No obstante, tal como ocurrió con el ejemplo francés recién expuesto, parte de la documentación dirigida a organizar un sistema educacional para Chile contempló la necesidad de definir el lugar que correspondería a las mujeres en la nueva república. Si bien no constituían ellas el objeto central de la preocupación estatal, comenzaron a asomar como uno de sus sujetos de atención, en la medida en que el éxito del proyecto autonomista republicano requería de la participación de todas las partes de la sociedad:

La raiz y fundamento de todas las ciencias es el leer, escribir y contar, artes necesarias para civilizar á los pueblos, y dirigirlos á su grandeza, y con todo ignoradas, ó poco sabidas de lo general de la nacion. No solamente los nobles y los ricos deberian ser adoctrinados en estos principios, sino los plebeyos, los artesanos, los labradores, y mucha parte de las mujeres (Aurora de Chile, n° 9, Santiago, 9 de abril de 1812).

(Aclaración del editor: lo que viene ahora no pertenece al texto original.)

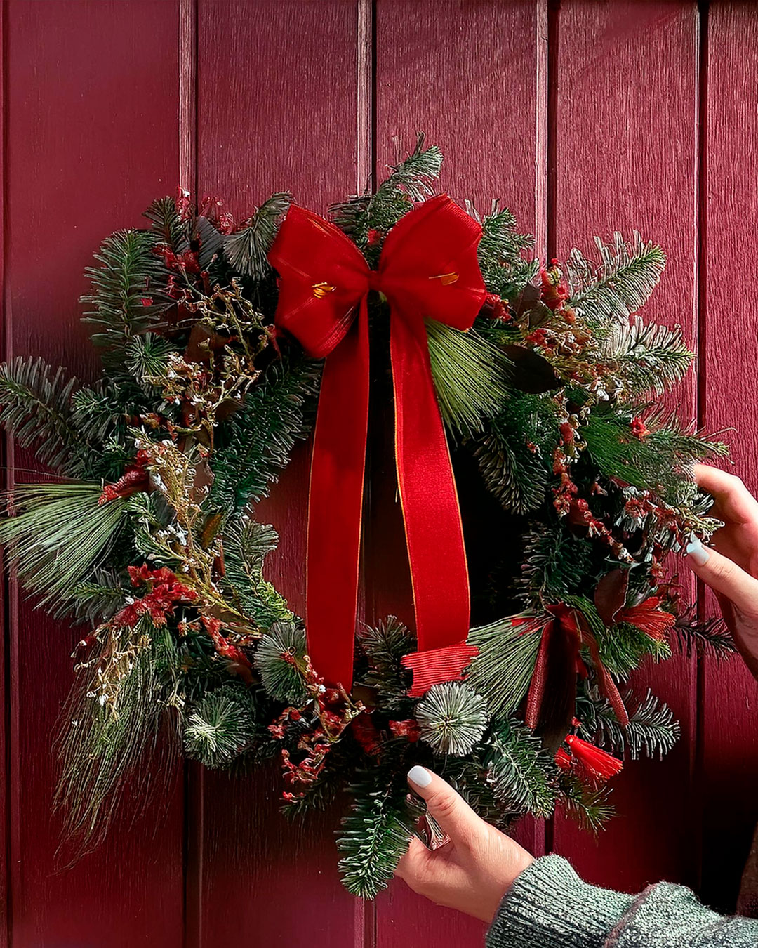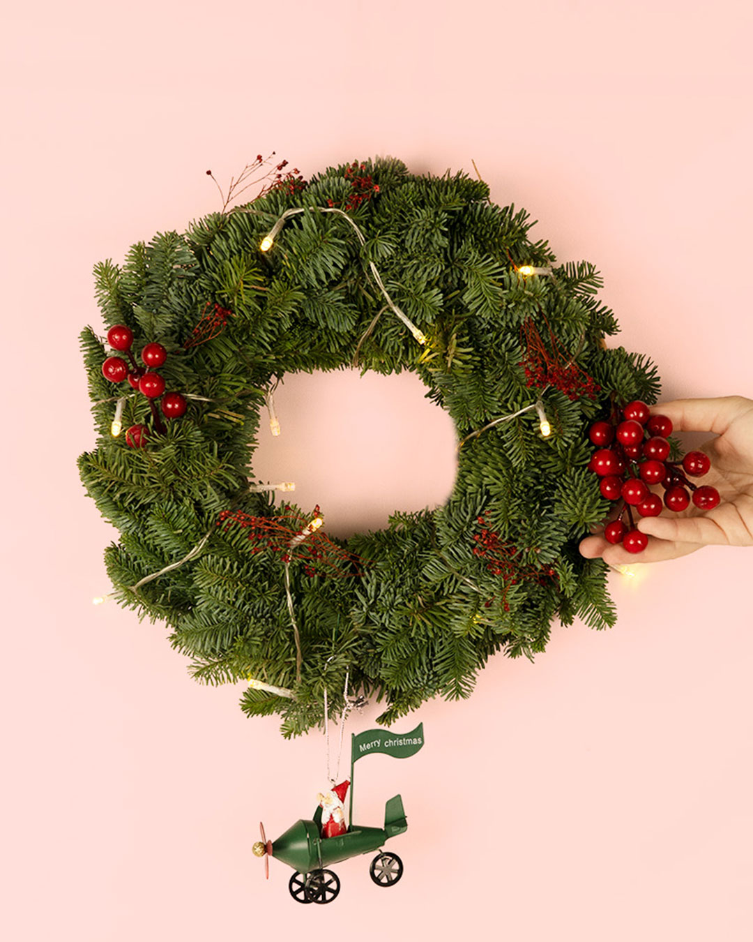 – Clásico y navideño: Un lazo rojo bien grande, unas bayas rojas, y listo, ¡la Navidad en todo su esplendor!
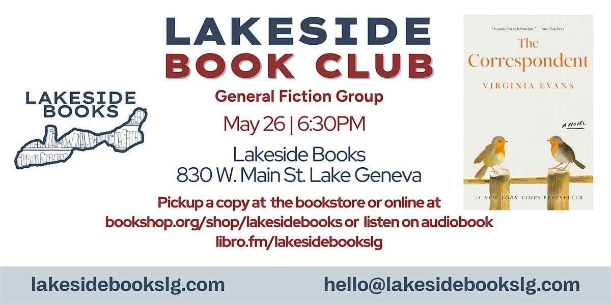 Our next book club read is The Correspondent! Purchase books at the bookstore or online at bookshop.org/shop/lakesidebooks or listen on audiobook libro.fm/lakesidebookslg. Please RSVP so we have an accurate headcount. Please also join our Facebook Group for updates.
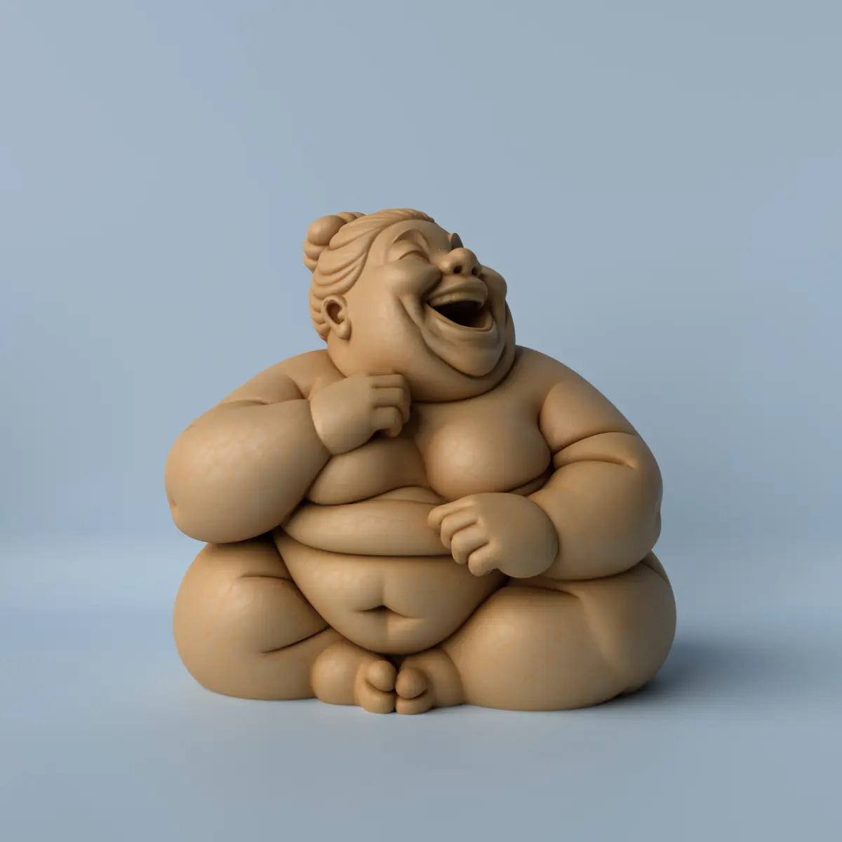 A delightful sculpture of a chubby woman sitting and laughing, radiating joy, self-esteem, and lightness. With rounded forms and a spontaneous expression, this fun piece celebrates real beauty and adds humor and warmth to any space. Perfect for 3D printing and ideal for decorating living rooms, offices, or creative environments.

Surgía así una consideración novedosa sobre el mundo femenino, que se plantearía, a partir de entonces, desde una perspectiva política. La primera señal fue presentada por el gobierno encabezado por José Miguel Carrera, a través de un artículo de oficio difundido en el periódico Aurora de Chile el 21 de agosto de 1812. En él, se hacía notar que la educación femenina había sido descuidada en tiempos del dominio español, anunciando la necesidad de revertir dicha situación e instalando esta materia como objeto de atención política y pública:

La indiferencia con que miró el antiguo Gobierno la educación del bello sexô, sino pudo ser un resultado del sistema depresivo, es el comprobante menos equivoco de la degradación con que era considerado el Americano: parecerá una paradoxa en el mundo culto, que la capital de Chile poblada de mas de cincuenta mil habitantes, no haya aun conocido una escuella de mugeres; acaso podria creerse à la distancia un comprobante de aquella máxima bárbara, de que el americano no es susceptibles de enseñanza (Aurora de Chile, n° 28, Santiago, 20 de agosto de 1812).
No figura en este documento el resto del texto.